Many have seen implications for the underlying legal structure and practice of American philanthropy in the Tax Cuts and Jobs Act (TCJA) of 2017’s excise tax on the investment income of certain elite college and university endowments. The 1.4% tax is imposed on private universities whose student bodies are majority U.S. citizens, where more than 500 students are tuition-paying, and where total assets exceed $500,000 per student.

As University of Kentucky law professor Jennifer Bird-Pollan starkly asked in a Pepperdine Law Review article earlier this year, “Why are we focused only on universities?”

If and when any of the more-aggressive proposals to reform treatment of other tax-exempt endowments—potentially including those of huge, equally elite private foundations—take legislative form, we now have another implication to draw.

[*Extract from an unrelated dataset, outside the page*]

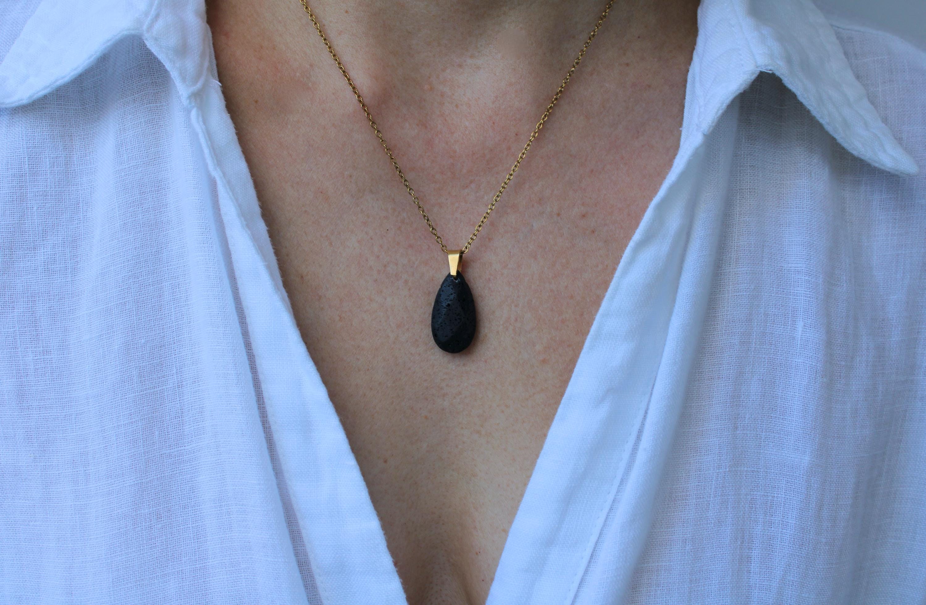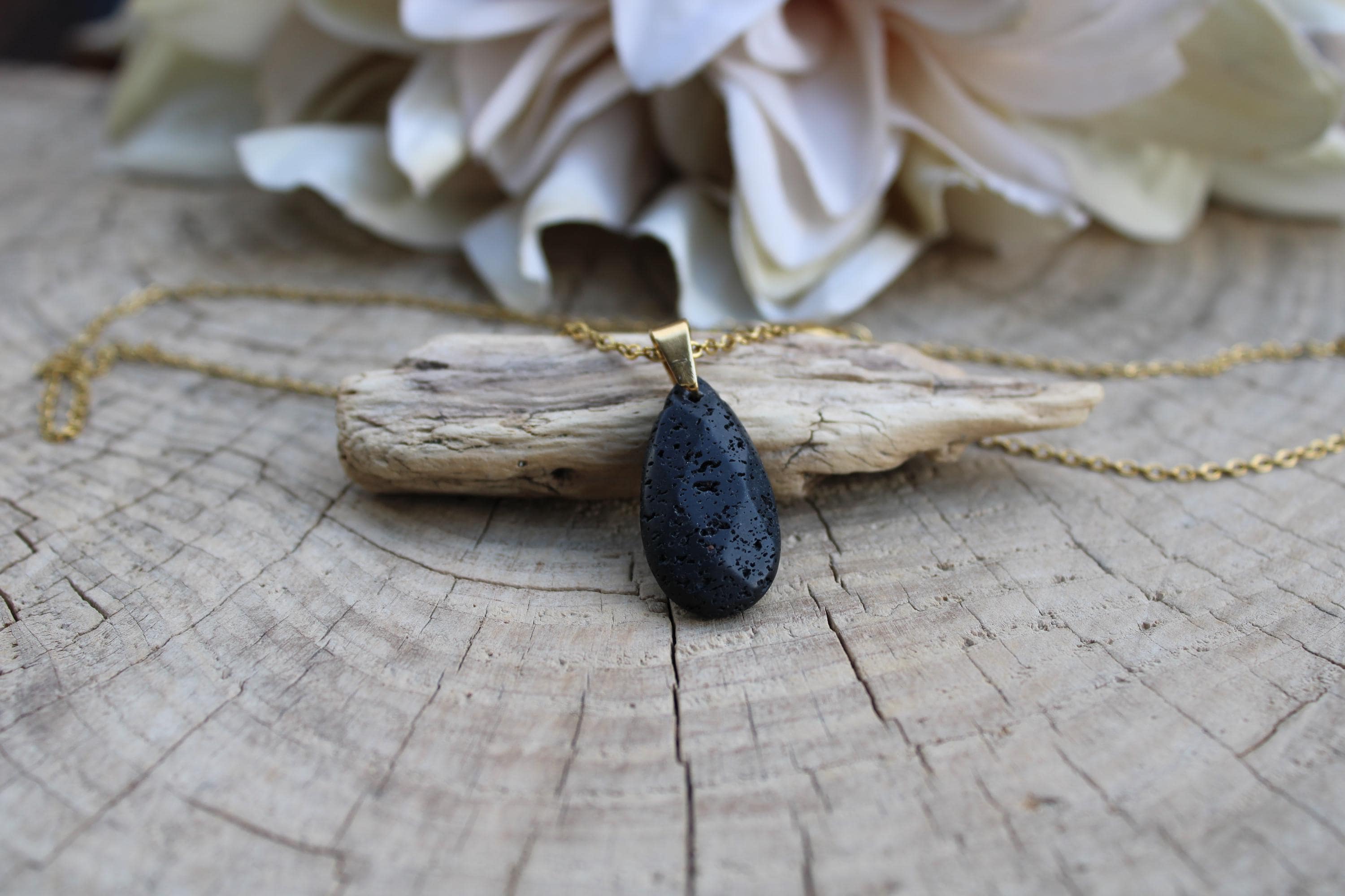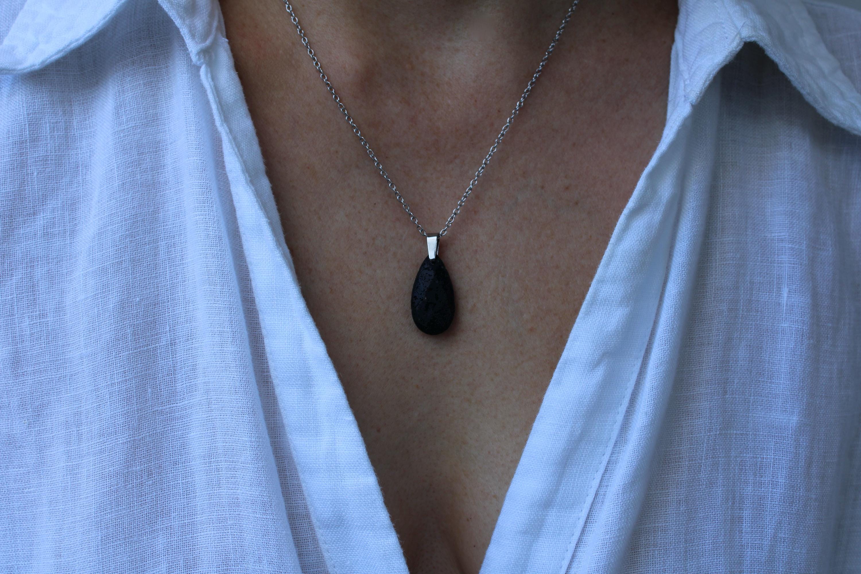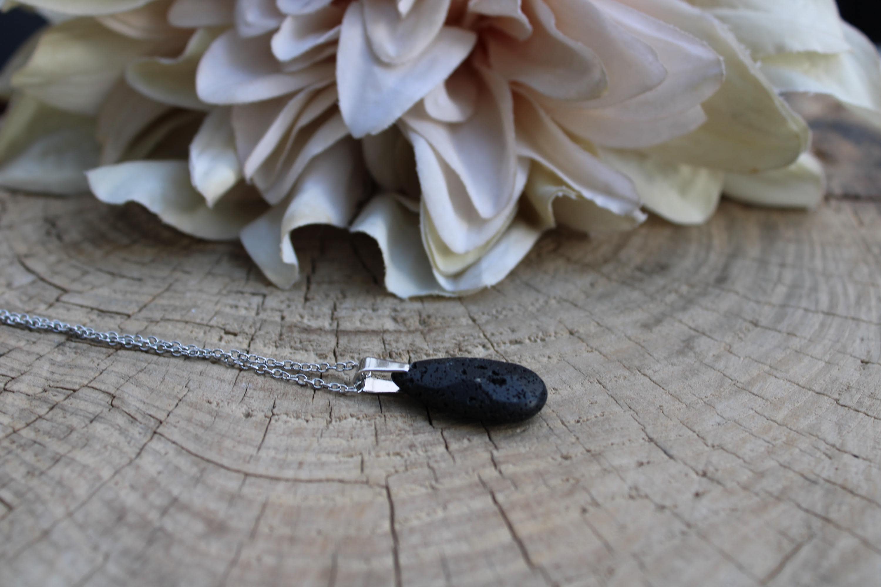 •It features a natural lava teardrop pendant measuring around 45mm long with the stainless steel bail.

Pursuant to a bill released late last week by U.S. House Ways & Means Committee, the TCJA’s excise tax on elite higher-education endowments would be seriously reduced. Specifically, as reported by Bloomberg’s Janet Lorin, a provision in the bill would lower the tax “through a calculation that weighs revenues from undergraduate tuition and fees against undergraduate financial aid.”

Lorin notes that the “Democrats’ proposal comes at an awkward time as colleges prepare to announce their investment returns over the coming months.” During fiscal-year 2021, higher-ed endowments over $500 million gained a median of 34%.

Some policymakers—enchanted with wealth like this and that which they think or hope it can do—will quietly and patiently persist in trying to protect it against any threat to the power it’s seen as “purchasing,” even though it’s largely merely continuously invested and unspent.